In general, the second-generation agents, dasatinib and nilotinib, have demonstrated better long-term outcomes, Ruben A. Mesa, MD, states. However, imatinib has similar efficacy at a lower cost, making it an attractive option. Due to these factors, several nuances go into the selection of a frontline therapy, Mesa notes. If patients are at high-risk, the case for second-generation agents is much stronger. The main driver behind the use of upfront imatinib is cost. In patient discussions, the second-generation agents are usually recommended.

As physicians, it is important to be mindful of both economics and outcomes; however, the primary responsibility is to ensure an optimal patient outcome, Harry P. Erba, MD, PhD, says. In general, alterations outside of BCR-ABL do not help select frontline therapies.
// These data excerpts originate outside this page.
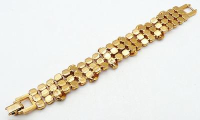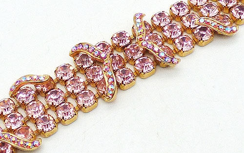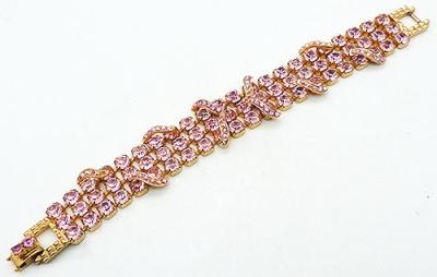 Description: Vintage gold tone pink rhinestone bracelet; the four rows of large pink prong set rhinestones are overlapped with short curls set with small pink aurora borealis rhinestones. The curls start at the side edges and curve towards the middle and are spaced evenly along the bracelet. Gold tone quilted pattern ends with a fold over clasp set with a pair of pink rhinestones.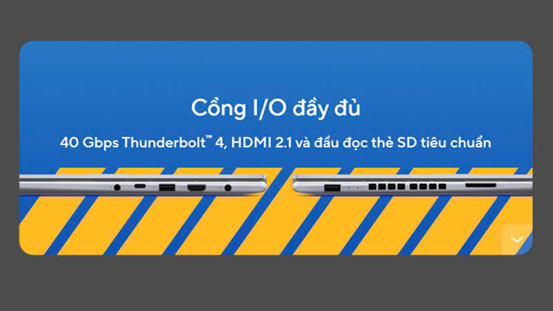 - Đây là lượng cổng kết nối đủ đa dạng cho nhiều mục đích sử dụng khác nhau, từ kết nối ổ cứng rời, bàn phím, máy chiếu,... .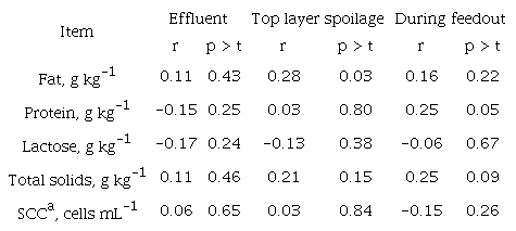 The milk fat content was the only variable (among milk composition) significantly correlated with silage losses, being higher in silages with the highest top spoilage losses (p < 0.05). Furthermore, milk protein and total solids showed a trend toward correlation with feedout losses (p < 0.10; Table 5).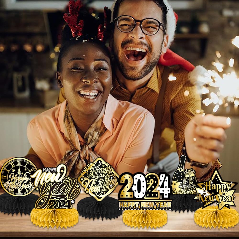 High Quality: These New Years Eve table honeycomb centerpieces digitally printed with high technology. They are beautiful, lightweight, colorfast and safe for midnight party 2024 new year's eve decorations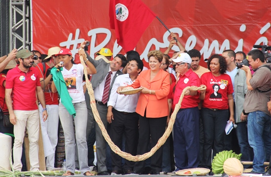 Antes de usar a palavra, Dilma recebeu uma cesta com produtos da agricultura familiar, uma maquete de cisterna de placa e uma rede presenteada por uma agricultura familiar do Piaui. “Os produtos são resultados do nosso suar e dos créditos agrícolas que estão melhorando nossas vidas; A cisterna, simboliza o fim da lata d’água na cabeça e a rede de caroá, é uma forma de simbolizar o resultado eleitoral de domingo, pois iremos vencer e não admitimos retrocesso”, falou a agricultora.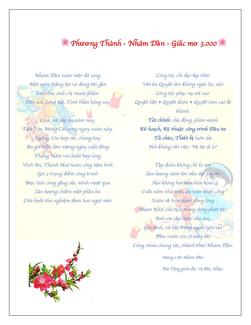 Bài thơ xuân và cũng là giao nhiệm vụ của P.TGĐ Vũ Đức Nhận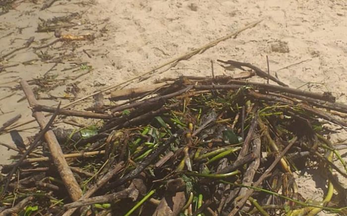 A chiquetosa praia Brava ainda tava cheia de entulho das chuvas neste fim de semana de sol (Foto: Surfista Prateado)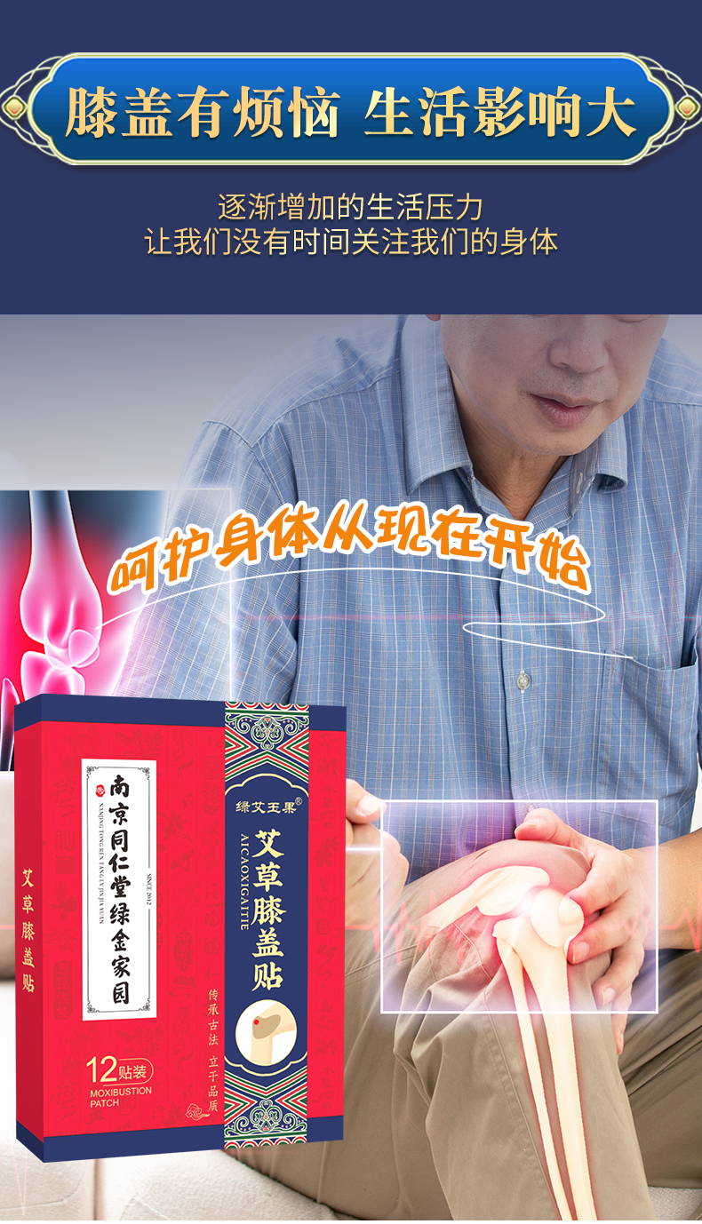 艾草膝盖贴 草本萃取膝盖贴 贴合膝盖 活动自如 艾草关节艾灸贴发热贴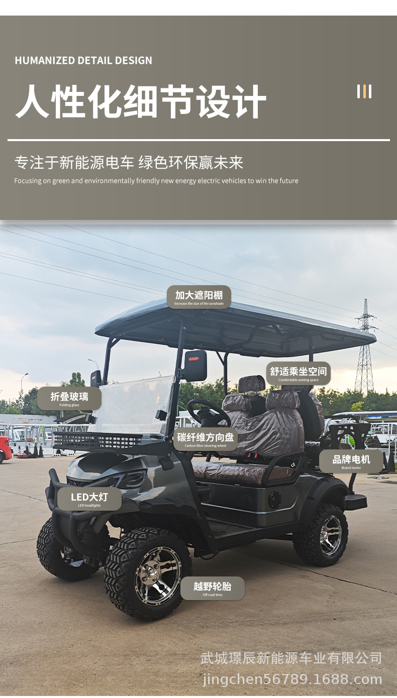 Экспортный источник внедорожный гольф-кар Электрический четырехколесный туристический автомобиль Живописное поле для гольфа Электрический гольф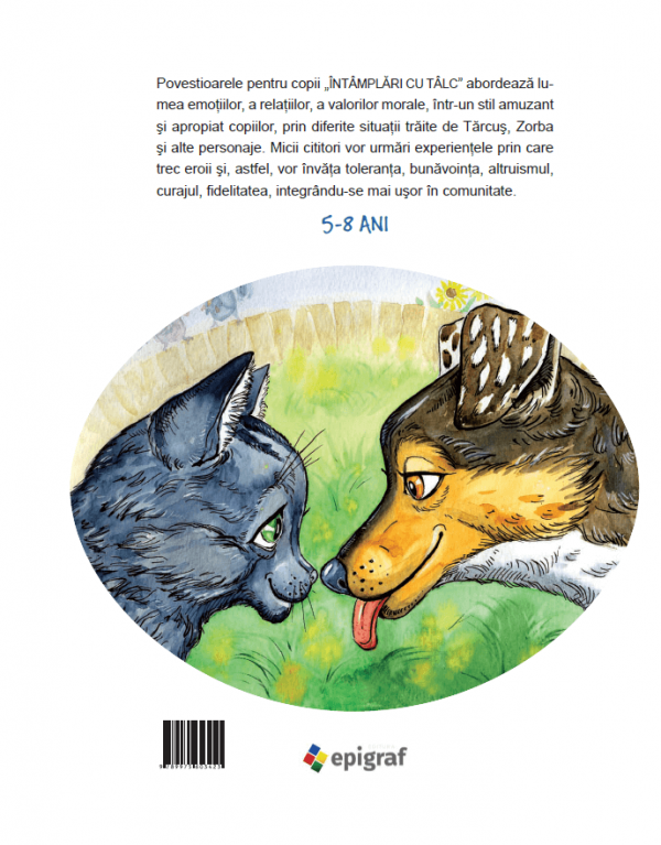 Povestioarele pentru copii „ÎNTÂMPLĂRI CU TÂLC” abordează lumea emoţiilor, a relaţiilor, a valorilor morale, într-un stil amuzant şi apropiat copiilor, prin diferite situaţii trăite de Tărcuş, Zorba şi alte personaje. Micii cititori vor urmări experienţele prin care trec eroii şi, astfel, vor învăţa toleranţa, bunăvoinţa, altruismul, curajul, fi delitatea, integrându-se mai uşor în comunitate.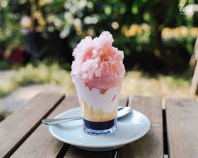 내가 주문한 메뉴는 소르베. 소르베는 매일 라인업이 바뀌는데, 내가 방문했을 때는 운 좋게 인기 메뉴인 핑크 레몬 소르베를 판매하고 있었다. 맨 밑에 진한 에스프레소가 깔리고, 그 위에는 크림, 맨 위에는 샤베트가 올라간다. 샤베트 안에는 젤리처럼 쫄깃한 레몬 필이 들어있다. 상큼한 레몬 샤베트와 달콤하고 부드러운 크림, 쌉싸름한 커피까지 작은 한 잔에서 다양한 맛을 느낄 수 있는 메뉴였다. 비주얼도 예쁘다.

As a result, genetic sequencing is often reserved for the detection of a possible resistance mutation, which may play a role in the selection of treatments, Rafael Bejar, MD, PhD, states.

In the interest of economics, it is plausible to start with imatinib treatment for 3 months to 6 months and then switch to dasatinib or nilotinib, suggests Elias J. Jabbour, MD. However, some feel it is best to start with the best agent upfront, as an induction therapy, and reserve imatinib as a type of maintenance choice, Jabbour suggests. However, at this point, data on long-term outcomes is limited.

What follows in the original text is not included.